Maruti Suzuki has lost market share from 51 percent to 47 percent in the current quarter. (Representative image)
Maruti: Q2 Result | Profit declines 65% to Rs 475 crore, revenue rises 10% Rs 20,539 crore
India’s largest passenger vehicle manufacturer, Maruti Suzuki India Limited (MSIL), today declared its results for the 2nd Quarter ending September 30, 2021. It has reported a standalone profit after tax of Rs. 475 crore for the quarter, decreasing 65% from Rs 1,372 crore reported in the same quarter last year. On a sequential basis, profit improved marginally by 7% from Rs. 441 crore reported in June-21 quarter.
The company managed to improve its standalone revenues from operations by 10% to Rs 20,539 crore for the quarter, compared to Rs 18,745 crore in Septemeber 2020 quarter. On a sequential basis, the revenues jumped 16% from Rs 17,771 crore.
The performance of the company got impacted because of lower volumes due to the COVID-induced global chip shortage that hit production and margins came under pressure due to high commodity prices.
The company said that, this quarter was also marked by an unprecedented increase in the prices of commodities like steel, aluminium and precious metals within a span of one year. The Company made maximum efforts to absorb input cost increases offsetting them through cost reduction and passed on minimum impact to customers by way of car price increase.
Production woes impacted volumes
The semi conductor chip shortage faced across the world severely impacted the production of the company. The company could not produce approximately 116,000 vehicles owing to the electronics component shortage. The impact was more severe for domestic models.

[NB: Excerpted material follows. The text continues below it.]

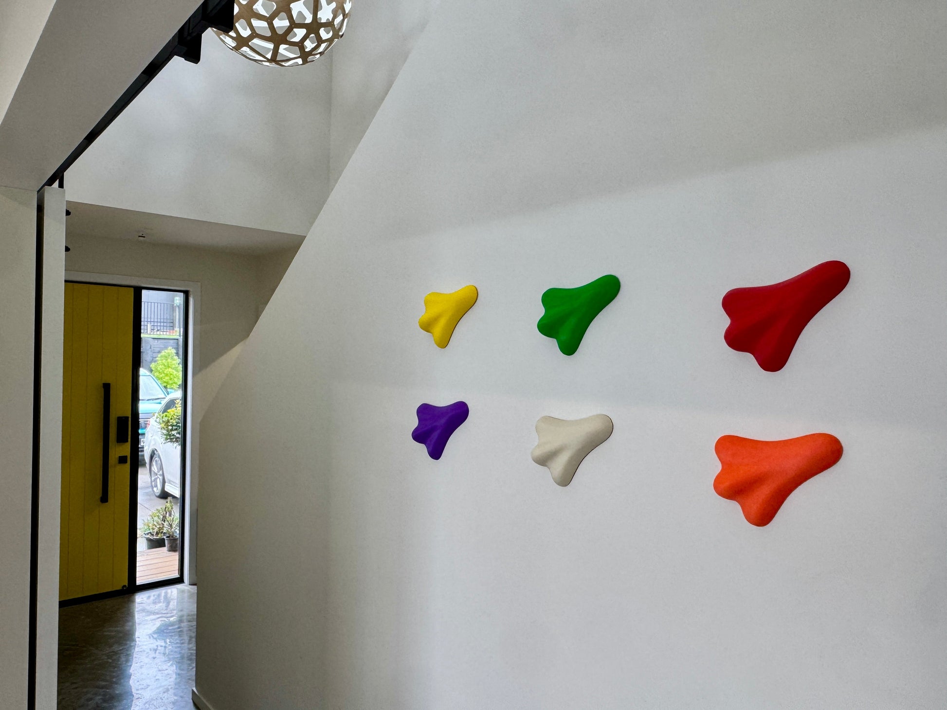 Each Jetplane measures 250mm x 180mm x 55mm and can sit flat on a shelf/desk, or hang on a small nail or screw (there are three hanger holes to ensure you can hang at an angle that suits you, or useĀ 3M Command Picture Hangers (small).

Owing to loss of production, company could sell a total of 379,541 units during the quarter with domestic market volumes coming in at 320,133 units and exports were at 59,408 units, the highest ever in any quarter. During corresponding quarter last year, the Company had clocked a total sale of 393,130 units including 370,619 units in domestic market and 22,511 units in the export market.
Volume mix
The compact car segment continues to contribute the most to the domestic sales volume for the company with 43% of the total volumes followed by utility vehicles at 23% and minis at 17%. Vans and LCV contribution to the domestic sales volume was 9% and 3% while 4% came from sales to other OEMs.
Healthy order book
The pending orders for the company at the end of the quarter stand at more than 200K units.
Commodity impact on margins
The company continues to face the brunt of higher commodity prices which have increased the production costs for the company. Despite the numerous price hikes implemented by the company during the quarter and cost savings initiatives undertaken, the margins got impacted.
Operating EBIT for the company in this quarter declined 92% to Rs. 99 crore from Rs 1,168 crore reported last year. On a sequential basis, however, the operating EBIT improved 27% from Rs 78 crore reported in previous quarter.
The operating EBIT margins (% of net sales) came in at mere 0.5% as against 6.6% last year and improved marginally from 0.4% in the previous quarter.
PAT margins (% of net sales) stood at 2.5% this quarter as against 7.8% last year and 2.6% in the previous quarter.
The stock closed at 7,356.25 today, up Rs 58.9 (0.8%) from its previous day’s close. It has been more or less flat during the past 1 year, appreciating only 3%. It has generated negative returns of 3.8% during this year and has appreciated 1.6% in the last 3 months.